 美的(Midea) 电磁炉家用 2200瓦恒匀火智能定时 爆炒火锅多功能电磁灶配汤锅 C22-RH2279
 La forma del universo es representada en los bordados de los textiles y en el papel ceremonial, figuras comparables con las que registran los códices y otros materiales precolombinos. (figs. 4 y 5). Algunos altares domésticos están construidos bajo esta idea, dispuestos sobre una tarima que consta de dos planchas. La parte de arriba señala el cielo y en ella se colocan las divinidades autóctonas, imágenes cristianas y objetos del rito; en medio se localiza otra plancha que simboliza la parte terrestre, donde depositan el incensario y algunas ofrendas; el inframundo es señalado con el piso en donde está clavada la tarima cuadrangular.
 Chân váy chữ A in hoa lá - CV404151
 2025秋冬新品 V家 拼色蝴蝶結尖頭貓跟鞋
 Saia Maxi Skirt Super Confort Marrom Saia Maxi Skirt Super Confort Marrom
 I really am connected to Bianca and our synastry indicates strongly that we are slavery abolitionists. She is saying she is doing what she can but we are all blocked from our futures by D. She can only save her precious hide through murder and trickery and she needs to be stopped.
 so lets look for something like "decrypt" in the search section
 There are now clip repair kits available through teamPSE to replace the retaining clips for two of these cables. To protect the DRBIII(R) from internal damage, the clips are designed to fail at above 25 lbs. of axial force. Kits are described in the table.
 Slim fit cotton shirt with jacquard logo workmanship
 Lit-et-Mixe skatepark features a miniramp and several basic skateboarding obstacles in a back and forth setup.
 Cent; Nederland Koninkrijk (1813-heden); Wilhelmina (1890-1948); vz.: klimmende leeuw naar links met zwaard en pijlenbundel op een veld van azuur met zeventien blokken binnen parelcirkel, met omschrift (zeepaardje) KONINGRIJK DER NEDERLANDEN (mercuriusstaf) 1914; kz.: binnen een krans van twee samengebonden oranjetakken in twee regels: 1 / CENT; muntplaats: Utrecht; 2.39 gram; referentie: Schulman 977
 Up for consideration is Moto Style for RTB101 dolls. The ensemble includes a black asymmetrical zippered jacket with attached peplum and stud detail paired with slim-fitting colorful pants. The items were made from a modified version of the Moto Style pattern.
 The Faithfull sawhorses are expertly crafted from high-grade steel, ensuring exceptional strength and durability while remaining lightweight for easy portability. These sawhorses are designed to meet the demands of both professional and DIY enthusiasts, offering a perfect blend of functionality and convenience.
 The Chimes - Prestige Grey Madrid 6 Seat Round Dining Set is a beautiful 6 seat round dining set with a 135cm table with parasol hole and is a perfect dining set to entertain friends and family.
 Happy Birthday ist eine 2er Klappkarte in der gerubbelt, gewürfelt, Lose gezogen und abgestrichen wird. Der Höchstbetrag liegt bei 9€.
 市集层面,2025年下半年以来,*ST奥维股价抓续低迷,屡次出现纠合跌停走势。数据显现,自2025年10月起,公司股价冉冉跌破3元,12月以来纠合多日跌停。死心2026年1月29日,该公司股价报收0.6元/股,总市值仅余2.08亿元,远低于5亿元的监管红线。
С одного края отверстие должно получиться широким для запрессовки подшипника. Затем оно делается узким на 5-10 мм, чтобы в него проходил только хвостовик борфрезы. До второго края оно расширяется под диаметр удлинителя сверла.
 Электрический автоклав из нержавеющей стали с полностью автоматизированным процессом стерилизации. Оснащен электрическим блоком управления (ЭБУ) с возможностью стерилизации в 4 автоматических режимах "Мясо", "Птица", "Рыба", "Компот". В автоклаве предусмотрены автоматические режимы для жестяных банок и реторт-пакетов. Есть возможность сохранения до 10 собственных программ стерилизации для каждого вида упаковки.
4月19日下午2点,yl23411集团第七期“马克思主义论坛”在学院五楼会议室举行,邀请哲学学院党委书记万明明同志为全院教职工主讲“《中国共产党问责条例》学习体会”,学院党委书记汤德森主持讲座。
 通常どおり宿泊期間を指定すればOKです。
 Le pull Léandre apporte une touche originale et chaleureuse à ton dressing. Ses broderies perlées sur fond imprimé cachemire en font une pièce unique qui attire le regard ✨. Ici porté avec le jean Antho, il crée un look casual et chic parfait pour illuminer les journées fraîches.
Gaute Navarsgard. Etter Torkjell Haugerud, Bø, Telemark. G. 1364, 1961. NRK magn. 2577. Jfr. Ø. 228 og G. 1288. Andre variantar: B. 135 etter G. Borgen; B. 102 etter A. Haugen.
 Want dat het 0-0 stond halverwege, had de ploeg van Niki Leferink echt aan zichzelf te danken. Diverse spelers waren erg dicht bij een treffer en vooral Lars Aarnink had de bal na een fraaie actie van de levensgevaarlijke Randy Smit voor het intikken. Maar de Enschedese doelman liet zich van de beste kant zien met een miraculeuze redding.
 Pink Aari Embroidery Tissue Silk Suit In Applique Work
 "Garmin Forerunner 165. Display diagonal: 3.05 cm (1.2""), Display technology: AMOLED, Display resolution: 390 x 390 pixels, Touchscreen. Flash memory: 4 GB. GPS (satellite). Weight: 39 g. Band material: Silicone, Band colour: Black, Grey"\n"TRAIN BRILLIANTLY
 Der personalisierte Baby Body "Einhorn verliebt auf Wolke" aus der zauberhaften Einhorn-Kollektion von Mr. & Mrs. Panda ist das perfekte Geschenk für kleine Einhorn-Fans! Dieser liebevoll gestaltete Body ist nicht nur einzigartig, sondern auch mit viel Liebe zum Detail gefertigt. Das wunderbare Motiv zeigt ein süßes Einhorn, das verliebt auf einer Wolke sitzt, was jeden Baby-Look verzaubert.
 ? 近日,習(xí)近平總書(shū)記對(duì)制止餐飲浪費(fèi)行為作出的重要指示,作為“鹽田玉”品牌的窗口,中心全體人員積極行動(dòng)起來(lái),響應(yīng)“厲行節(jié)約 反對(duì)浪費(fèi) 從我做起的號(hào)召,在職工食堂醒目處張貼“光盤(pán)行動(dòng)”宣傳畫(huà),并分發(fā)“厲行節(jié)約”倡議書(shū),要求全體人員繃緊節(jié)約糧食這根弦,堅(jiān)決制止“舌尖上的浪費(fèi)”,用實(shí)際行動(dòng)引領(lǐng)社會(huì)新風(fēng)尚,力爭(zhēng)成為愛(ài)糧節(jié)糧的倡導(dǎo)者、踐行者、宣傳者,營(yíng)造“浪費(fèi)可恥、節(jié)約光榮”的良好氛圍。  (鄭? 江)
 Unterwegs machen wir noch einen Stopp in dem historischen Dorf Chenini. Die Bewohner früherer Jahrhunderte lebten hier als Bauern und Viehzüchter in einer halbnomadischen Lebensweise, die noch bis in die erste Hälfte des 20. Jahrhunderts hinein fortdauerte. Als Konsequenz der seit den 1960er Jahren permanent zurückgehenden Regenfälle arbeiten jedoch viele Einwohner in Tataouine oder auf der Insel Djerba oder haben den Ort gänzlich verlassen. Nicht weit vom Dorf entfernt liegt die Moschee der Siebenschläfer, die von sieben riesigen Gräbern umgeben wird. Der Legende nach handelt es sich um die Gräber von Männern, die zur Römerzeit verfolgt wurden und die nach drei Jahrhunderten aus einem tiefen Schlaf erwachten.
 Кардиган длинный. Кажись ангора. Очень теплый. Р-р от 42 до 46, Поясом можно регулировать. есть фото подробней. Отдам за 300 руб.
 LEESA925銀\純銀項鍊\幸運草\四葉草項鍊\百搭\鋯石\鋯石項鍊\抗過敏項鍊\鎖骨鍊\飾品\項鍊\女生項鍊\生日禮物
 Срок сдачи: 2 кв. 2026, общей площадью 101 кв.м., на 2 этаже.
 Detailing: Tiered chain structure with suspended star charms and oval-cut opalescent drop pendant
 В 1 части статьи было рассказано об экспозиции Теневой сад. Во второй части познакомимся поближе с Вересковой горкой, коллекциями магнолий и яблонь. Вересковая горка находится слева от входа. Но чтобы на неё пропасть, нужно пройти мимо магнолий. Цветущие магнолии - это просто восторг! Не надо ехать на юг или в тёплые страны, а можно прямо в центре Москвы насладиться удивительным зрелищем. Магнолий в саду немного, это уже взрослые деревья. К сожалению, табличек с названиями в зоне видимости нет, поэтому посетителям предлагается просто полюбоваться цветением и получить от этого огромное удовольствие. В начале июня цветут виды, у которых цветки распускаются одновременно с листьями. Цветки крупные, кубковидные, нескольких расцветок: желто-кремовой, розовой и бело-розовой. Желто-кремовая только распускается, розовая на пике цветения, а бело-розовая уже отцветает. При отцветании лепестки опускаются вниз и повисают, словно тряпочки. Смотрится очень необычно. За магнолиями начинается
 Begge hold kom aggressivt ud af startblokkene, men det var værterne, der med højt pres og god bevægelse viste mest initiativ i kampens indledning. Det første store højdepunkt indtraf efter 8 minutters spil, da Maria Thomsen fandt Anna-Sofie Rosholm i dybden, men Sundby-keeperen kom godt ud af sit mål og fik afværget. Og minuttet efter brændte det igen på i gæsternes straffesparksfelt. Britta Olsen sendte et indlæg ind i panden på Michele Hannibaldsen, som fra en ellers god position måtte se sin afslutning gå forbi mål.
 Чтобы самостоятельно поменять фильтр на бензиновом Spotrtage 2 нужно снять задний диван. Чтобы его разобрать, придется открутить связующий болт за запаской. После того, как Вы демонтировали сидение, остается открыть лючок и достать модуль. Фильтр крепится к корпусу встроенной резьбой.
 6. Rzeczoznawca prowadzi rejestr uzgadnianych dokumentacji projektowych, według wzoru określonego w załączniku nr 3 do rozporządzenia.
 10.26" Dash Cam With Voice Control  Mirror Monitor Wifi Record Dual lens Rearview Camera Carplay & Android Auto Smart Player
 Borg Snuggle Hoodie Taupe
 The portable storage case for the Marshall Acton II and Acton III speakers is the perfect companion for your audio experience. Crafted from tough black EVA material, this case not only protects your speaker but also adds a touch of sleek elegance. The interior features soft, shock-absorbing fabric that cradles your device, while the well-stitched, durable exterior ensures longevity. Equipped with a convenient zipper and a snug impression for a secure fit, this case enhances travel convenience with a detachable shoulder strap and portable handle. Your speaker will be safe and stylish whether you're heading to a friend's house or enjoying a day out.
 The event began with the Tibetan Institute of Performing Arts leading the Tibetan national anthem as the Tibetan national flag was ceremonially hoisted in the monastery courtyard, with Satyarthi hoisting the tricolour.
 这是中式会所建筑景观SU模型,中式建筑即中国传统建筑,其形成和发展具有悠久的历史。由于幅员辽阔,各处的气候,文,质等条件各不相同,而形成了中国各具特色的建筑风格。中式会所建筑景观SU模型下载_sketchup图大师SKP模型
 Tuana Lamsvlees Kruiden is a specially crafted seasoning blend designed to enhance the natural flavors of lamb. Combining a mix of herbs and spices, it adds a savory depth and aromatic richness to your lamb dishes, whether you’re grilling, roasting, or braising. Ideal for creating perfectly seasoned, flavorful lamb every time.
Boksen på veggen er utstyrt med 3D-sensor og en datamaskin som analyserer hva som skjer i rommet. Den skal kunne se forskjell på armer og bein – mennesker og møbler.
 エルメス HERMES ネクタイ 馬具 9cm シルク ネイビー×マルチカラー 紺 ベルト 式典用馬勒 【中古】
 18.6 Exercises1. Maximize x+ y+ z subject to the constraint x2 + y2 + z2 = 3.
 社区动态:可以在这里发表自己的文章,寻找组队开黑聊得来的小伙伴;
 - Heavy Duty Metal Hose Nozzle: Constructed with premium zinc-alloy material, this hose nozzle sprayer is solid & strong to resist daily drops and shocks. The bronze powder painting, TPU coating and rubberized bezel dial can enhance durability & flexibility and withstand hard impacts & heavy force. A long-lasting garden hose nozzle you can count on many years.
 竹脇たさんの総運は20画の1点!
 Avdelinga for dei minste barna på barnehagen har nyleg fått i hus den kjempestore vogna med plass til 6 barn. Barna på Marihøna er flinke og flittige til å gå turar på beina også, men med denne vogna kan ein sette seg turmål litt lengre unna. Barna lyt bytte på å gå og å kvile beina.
--------------------------------
**WHAT IS EXPECTED**
Out of the data above, set down the lines from the one with "С одного края" to the one with "通常どおり宿泊期間を指定すればOKです。", both included, exactly as written and with no additions.

**EXERCISE RESPONSE**
С одного края отверстие должно получиться широким для запрессовки подшипника. Затем оно делается узким на 5-10 мм, чтобы в него проходил только хвостовик борфрезы. До второго края оно расширяется под диаметр удлинителя сверла.
 Электрический автоклав из нержавеющей стали с полностью автоматизированным процессом стерилизации. Оснащен электрическим блоком управления (ЭБУ) с возможностью стерилизации в 4 автоматических режимах "Мясо", "Птица", "Рыба", "Компот". В автоклаве предусмотрены автоматические режимы для жестяных банок и реторт-пакетов. Есть возможность сохранения до 10 собственных программ стерилизации для каждого вида упаковки.
4月19日下午2点,yl23411集团第七期“马克思主义论坛”在学院五楼会议室举行,邀请哲学学院党委书记万明明同志为全院教职工主讲“《中国共产党问责条例》学习体会”,学院党委书记汤德森主持讲座。
 通常どおり宿泊期間を指定すればOKです。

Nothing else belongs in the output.